Wednesday, April 29, 2009
This is the final version of the collaborative print done with Sami's 3rd grade class.
I cut a color block for the background but kept it simple and deliberately left the squares of the children's drawings white. My creative contribution is the purple letters to the top Left and the choice of blue for the background. I found a nice dark blue mat and frame at the local art store and will drop it off tomorrow.
Printing a big, damp sheet of Washi was much harder than I expected and there is some spotting of ink to the print that is the result of it just being harder to manipulate and print a big sheet of paper.
I printed a total of 7 copies. Three on Shin Torinoko ( a machine made paper made of linen and acid-free pine pulp and 4 on Masa Dosa, a handmade Japanese paper that is a very bright white and rougher in texture. There are 2-3 less-than perfect impressions and one that I printed on the wrong side of the paper leaving 3 pretty good copies.
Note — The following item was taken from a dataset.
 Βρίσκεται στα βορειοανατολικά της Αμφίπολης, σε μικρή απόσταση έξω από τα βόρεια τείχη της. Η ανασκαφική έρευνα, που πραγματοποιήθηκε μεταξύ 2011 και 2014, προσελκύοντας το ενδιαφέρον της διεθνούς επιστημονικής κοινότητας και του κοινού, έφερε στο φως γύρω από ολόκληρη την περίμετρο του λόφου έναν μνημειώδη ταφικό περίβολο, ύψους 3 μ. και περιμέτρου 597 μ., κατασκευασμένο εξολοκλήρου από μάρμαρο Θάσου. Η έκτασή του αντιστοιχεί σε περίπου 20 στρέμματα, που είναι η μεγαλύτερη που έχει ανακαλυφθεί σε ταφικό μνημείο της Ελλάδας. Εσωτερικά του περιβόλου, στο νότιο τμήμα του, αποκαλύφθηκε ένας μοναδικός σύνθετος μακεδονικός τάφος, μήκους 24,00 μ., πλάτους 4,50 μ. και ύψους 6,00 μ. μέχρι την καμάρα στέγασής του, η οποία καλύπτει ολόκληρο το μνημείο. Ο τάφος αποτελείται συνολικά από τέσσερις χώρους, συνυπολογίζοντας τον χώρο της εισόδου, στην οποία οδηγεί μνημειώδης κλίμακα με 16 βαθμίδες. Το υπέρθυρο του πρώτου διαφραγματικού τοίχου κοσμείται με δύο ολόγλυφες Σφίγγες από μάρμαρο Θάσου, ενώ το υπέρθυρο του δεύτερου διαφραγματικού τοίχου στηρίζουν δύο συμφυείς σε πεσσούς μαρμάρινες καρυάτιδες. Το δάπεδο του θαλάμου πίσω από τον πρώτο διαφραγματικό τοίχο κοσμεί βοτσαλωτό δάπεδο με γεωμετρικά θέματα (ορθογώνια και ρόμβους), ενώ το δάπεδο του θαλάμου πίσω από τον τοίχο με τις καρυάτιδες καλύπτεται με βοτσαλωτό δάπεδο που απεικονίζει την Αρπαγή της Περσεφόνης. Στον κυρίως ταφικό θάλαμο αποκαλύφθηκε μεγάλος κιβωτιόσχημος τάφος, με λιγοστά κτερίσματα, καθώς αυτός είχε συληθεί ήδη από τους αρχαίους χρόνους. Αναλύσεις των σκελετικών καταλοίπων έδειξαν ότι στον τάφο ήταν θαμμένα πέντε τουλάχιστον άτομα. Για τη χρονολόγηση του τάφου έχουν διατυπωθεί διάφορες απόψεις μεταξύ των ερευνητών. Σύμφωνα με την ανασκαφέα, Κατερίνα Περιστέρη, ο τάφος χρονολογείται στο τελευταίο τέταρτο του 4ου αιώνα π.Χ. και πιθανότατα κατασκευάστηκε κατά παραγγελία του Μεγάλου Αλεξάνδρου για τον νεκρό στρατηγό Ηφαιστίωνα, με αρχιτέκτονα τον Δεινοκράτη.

Hopefully they'll find homes soon.
Thursday, April 23, 2009
The local elementary school is holding an "arts" auction to benefit the arts program for the school. I was asked to volunteer to help the class work on a group project that could then be auctioned (ransomed?) off to the parents at the upcoming evening event. Some classes have done some pottery work, another is working on a tiled fountain, others, refrigerator magnets.
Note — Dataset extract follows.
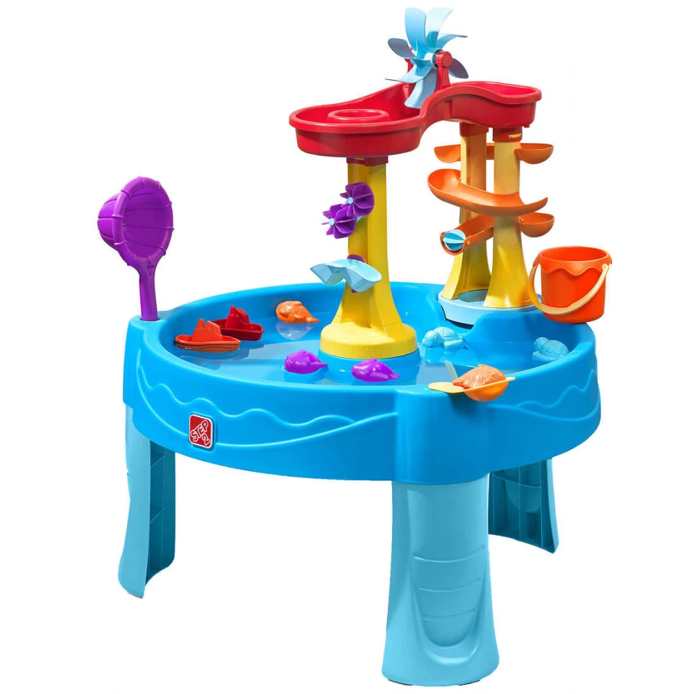 A Step2 kerti vizes játszó asztalai remek szórakozást nyújtanak a gyerekeknek a meleg nyári napokon, miközben a vízzel feltöltött asztallal játszanak.
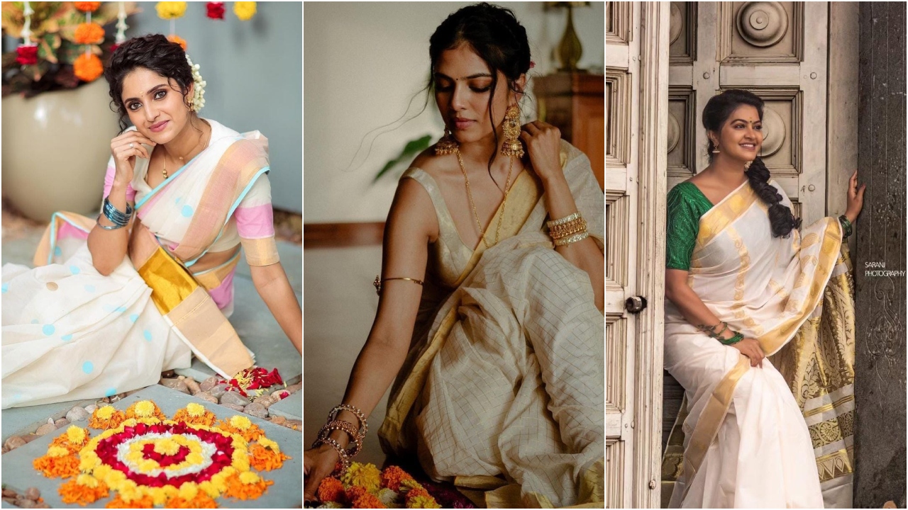 ஓணம் ஸ்பெஷல்… கேரளா புடவையில் அச்சு அசல் மலையாளத்து பைங்கிளியாக மாறிய நடிகைகள்… ஓணம் கொண்டாடிய அழகிய புகைப்படங்கள்..!!

As the class is working extensively on birds as a topic I had the children do drawings of something about the bird they had chosen to study and to do some preparatory sketches to collage together. The idea was to collage them together in an interesting way leaving me to carve the drawing out in the calm of my studio and then print them together in the classroom.
I got lots and lots of neat drawings. But in the end I had to do two collages. One with a drawing from each student. It turned out much more varied and lively, but very cluttered and I feared would be very hard and time consuming to carve.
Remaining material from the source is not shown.